Validation of the model or of the neighbourhood can then be obtained with the function validate(). This requires an object (the complete “gmSpatialModel”) and a strategy. Validation strategies are small S3-objects describing what will exactly be done in the validation. They can be quickly defined by means of configuration functions as LeaveOneOut() or NfoldCrossValidation(). The call to validate() will provide some output that can be evaluated with functions such as xvErrorMeasures(), accuracy() or prediction().

### Cokriging and mapping

This way of working is common to the package. You always build a model (with a make.*() function), define a method parameter object (created with a specific, verbose, helper function), and feed both to a common umbrella function describing what do you want to do: validate() or predict(), the second one also requires an argument newdata as is standard in R. The output can then be postprocessed by specific functions.
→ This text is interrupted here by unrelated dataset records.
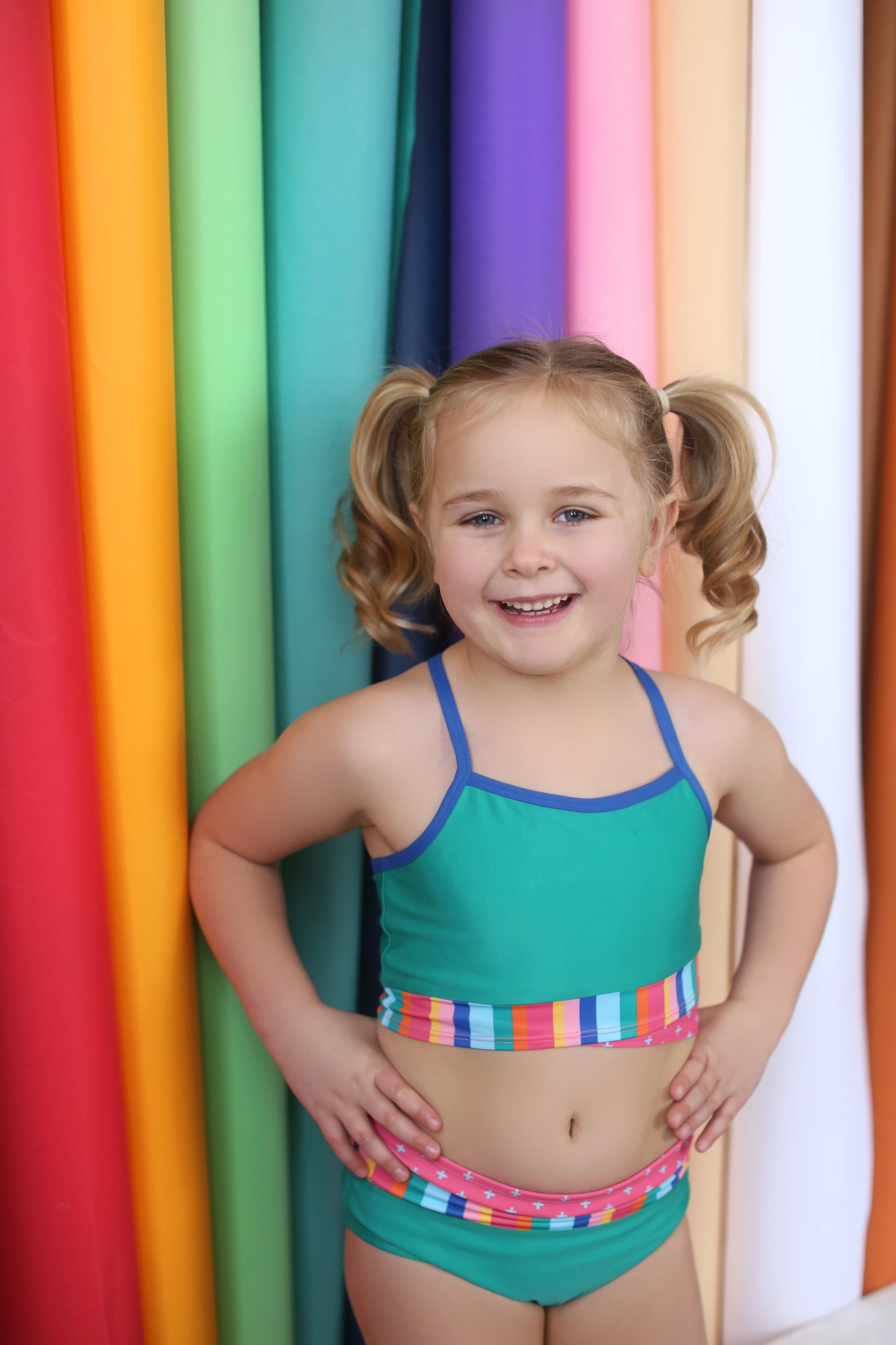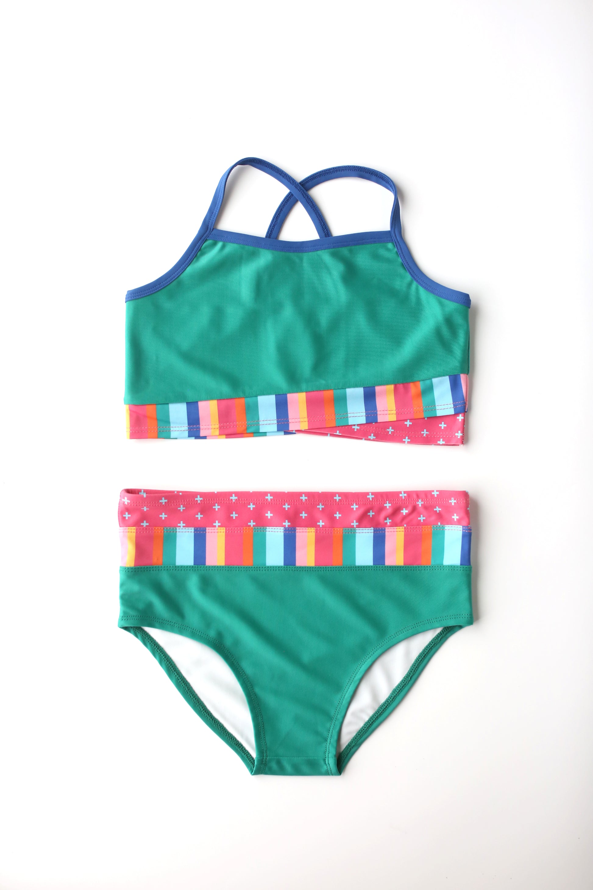 Introducing the Surf's Up Swimsuit-the perfect fusion of style and functionality for your active little ones. The gorgeous green hue of this suit is eye catching in and out of the water, while the playful rainbow stripes and bright pink plus signs add a splash of color and personality!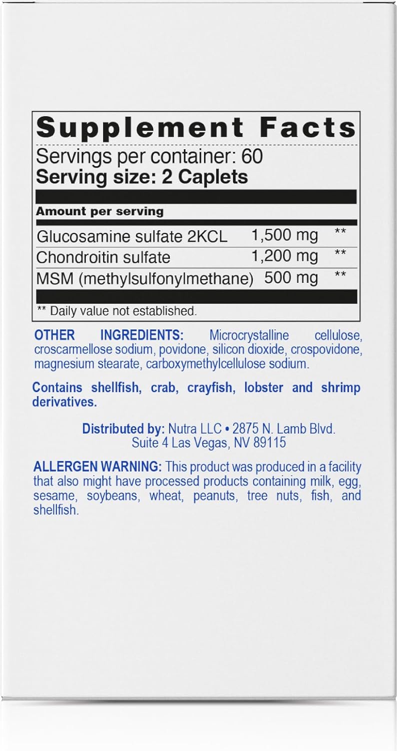 - TRIPLE STRENGTH FORMULA: Contains 1,500mg Glucosamine sulfate, 1,200mg Chondroitin sulfate, and 500mg MSM per serving to support joint health and mobility.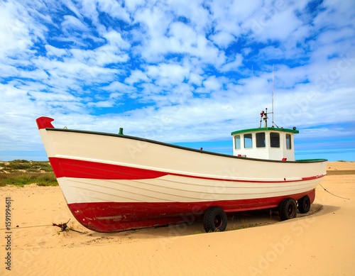 © Riska, Naklejka premium Fishing boat on a sandy beach under a partly cloudy sky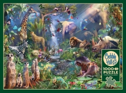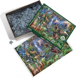 Immergetevi nel mondo della natura selvaggia con il puzzle COBBLE HILL Nella giungla. La speciale fustellatura con forme non tradizionali dei pezzi, che non seguono la classica griglia, garantisce un’esperienza di assemblaggio più intensa e un livello di difficoltà superiore – ideale per chi cerca qualcosa di più del solito puzzle.

The method parameter for cokriging is actually the neighbourhood. So, you can give predict() an object resulting from KrigingNeighbourhood(), otherwise it will take the standard one stored in the “gmSpatialModel”, or produce a global neighbourhood cokriging if no neighbourhood description is found.

Output of predict for “gstat” objects (the current default) can be re-formed to compositional shape by means of the function gsi.gstatCokriging2compo(); there is an gsi.gstatCokriging2rmult() as well for multivariate data. Maps can be obtained with function image_cokriged(), that produces a choropleth map with legend, and returns the color scale (i.e. some breaks and a palette of colors) to be used, e.g. for plotting the initial data on top of the maps using the same color scale. NOTE: this funtion does NOT freeze the plot! Most probably you will need to call par(mfrow=c(1,1)) to create a clean slate device for the next plot.

## Gaussian cosimulation

### Transformation to Gaussianity

Gaussian cosimulation requires joint multivariate normality. The package provides the flow anamorphosis algorithm for this goal. This is obtained in two steps. First, you create the transformation by calling function ana() with your data and storing it. Then, you apply the stored transformation to the data, and obtain the normalised scores. These scores can then be treated with all methods and techniques of the preceding sections “Exploratory analysis” and “Linear model of coregionalisation (LMC)”, in particular a call to make.gmMultivariateGaussianSpatialModel() will create the passing “gmSpatialModel”.

### Cosimulation

Cosimulation method parameters are created by calls to one of the functions SequentialSimulation(), TurningBands() or CholeskyDecomposition(). All these functions include an argument nsim controlling the number of realisations desired. These are then obtained by a call to predict(), giving it the “gmSpatialModel”, the newdata and the method parameters, in this order.

### Postprocessing

Multivariate cosimulation output can be seen analogue to a 3-dimensional array, with one dimension running along the simulated locations, one dimension along the realisations and one dimension along the variables. This structure is captured in “gmGeostats” with an object of class “DataFrameStack” (extending “data.frame” and mimicking arrays). Point-wise, simulation-wise and variable-wise transformations on this array can be computed with function gmApply(), a wrapper on base::apply() allowing for an easier management of the dimensions of the simulation stack. Maps can also be produced by function image_cokriged().

## Multipoint simulation

Multipoint cosimulation is available with the same strategy than Gaussian based simulation. One needs first to define a “gmSpatialModel” containing the conditioning data (the original data) and the stochastic model (the training image). Second, a simulation grid must be created, and provided to predict() as the newdata argument. And third, we must provide some method parameters defining the simulation algorithm to use: currently, only direct sampling is available, and its parameters can be constructed calling DSpars().

Training images are currently objects of class “SpatialPixelsDataFrame” or “SpatialGridDataFrame”, from package “sp”. The conditioning data will be migrated to the simulation grid internally; the grid topologies for simulation and training image will be checked for consistency.